检查第M个斐波那契数是否除以第N个斐波那契数
简介

本文介绍如何检查第M个斐波那契数是否能被第N个斐波那契数整除。斐波那契数列是一个由1和1开始的数列,其后每一项都等于前两项之和,即 F(i) = F(i-1) + F(i-2)。该数列前几项为,1, 1, 2, 3, 5, 8, 13, 21, 34, ...。

算法思路

首先,我们需要先求出第M和第N个斐波那契数。可以使用递归算法或迭代算法来求解。

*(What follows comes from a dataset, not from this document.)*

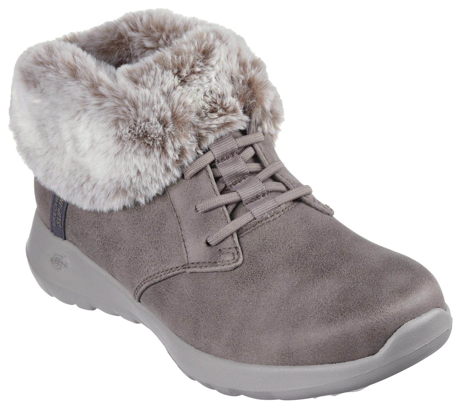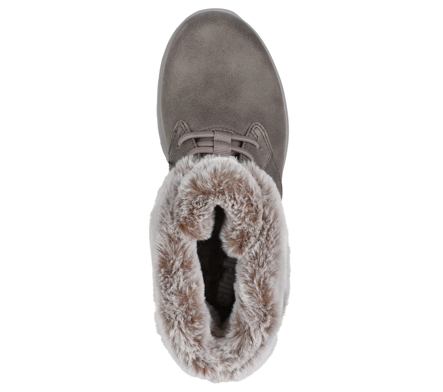 Enjoy the season in plush comfort with Skechers Hands Free Slip-ins®: On-the-GO® Joy – Cozy Charm. Designed with our exclusive Heel Pillow™, this bootie features a 3M® Scotchgard® treated vegan leather upper with stretch laces, faux-fur trim, 5-GEN® Technology cushioning, and a Skechers Air-Cooled Memory Foam® insole.

然后,使用求余运算符 % 来判断第M个斐波那契数是否能被第N个斐波那契数整除。

代码实现

Python

def fibonacci(n):
    if n == 1 or n == 2:
        return 1
    else:
        return fibonacci(n-1) + fibonacci(n-2)

m = 10
n = 6
if fibonacci(m) % fibonacci(n) == 0:
    print(f"The {m}th Fibonacci number can be divided by the {n}th Fibonacci number.")
else:
    print(f"The {m}th Fibonacci number cannot be divided by the {n}th Fibonacci number.")

C++

#include <iostream>
using namespace std;

int fibonacci(int n)
{
    if (n == 1 || n == 2)
        return 1;
    else
        return fibonacci(n - 1) + fibonacci(n - 2);
}

int main()
{
    int m = 10, n = 6;
    if (fibonacci(m) % fibonacci(n) == 0)
        cout << "The " << m << "th Fibonacci number can be divided by the " << n << "th Fibonacci number." << endl;
    else
        cout << "The " << m << "th Fibonacci number cannot be divided by the " << n << "th Fibonacci number." << endl;

    return 0;
}
结论

通过求余运算符 % 判断第M个斐波那契数是否能被第N个斐波那契数整除,可以得出结论。